Fig. 8. Adjusting regularization by adjusting the shape penalty parameter

(Left→Right) and (Top→ Bottom) Biological movement during imaging causes artifacts in the difference image. Failure to adjust for the movement results in less than ideal data. Increasing α, the shape mismatch penalty, can compensate for poorly acquired image data. Our method is able to track the moving front even as it is partially occluded. Top: segmentation without shape prior. Second row α = 2. Third row: α = 3. Fourth row: α = 4. δt = 2s.

Fig. 9. Segmentation of wound healing assays featuring robust shape changes

(Left→Right) and (Top→ Bottom) Wound-healing time stills. Segmentation performed on the sobel filter (shown) of the original image sequence, which is well-modeled by the Gaussian mixture of section II-B. In this application, the boundary is moving inward, while the shape of the inner region is undergoing large changes. The segmentation method works well even for non-convex shapes. δt = 30 min. We are grateful to Prof. C.-L. Guo, Caltech Bioengineering for these images. Resolution: 320 × 240.

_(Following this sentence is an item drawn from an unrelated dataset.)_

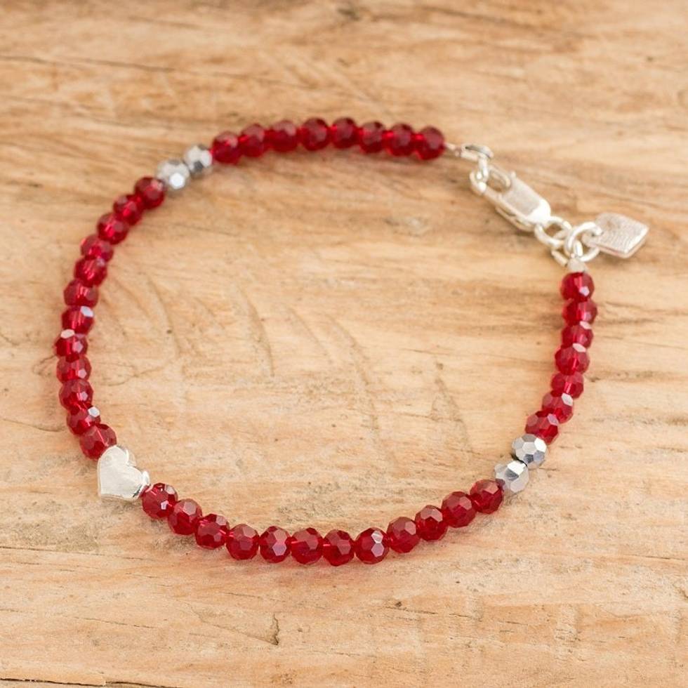 Silver Heart Pendant Bracelet with Red Crystal Beads 'Love Emotions' Item ID: 2671771418

Fig. 10. Comparison of results against laborious manual human segmentation of synthetic images

The accuracy of our method’s segmentation of the synthetic image sequence (for the six frames shown in Fig 4) compared to the accuracy of three humans. The error plotted in the y-axis is the average number of misclassified pixels per boundary-length, where boundary-length is the average of the lengths of the ground truth and segmented boundary. Our method differed from the ground truth by 0.30 ± 0.10 pixels. The humans performed significantly worse with error of 0.61 ± 0.14 pixels.

Fig. 11. Comparison of results against laborious manual human segmentation of in-vivo CSD images

Deviation of human segmentations from the results of our automated approach for the image sequence shown in Fig 7. The results from our segmentation method agreed with the results from the manual segmentations to within 1.7 ± 0.6 pixels.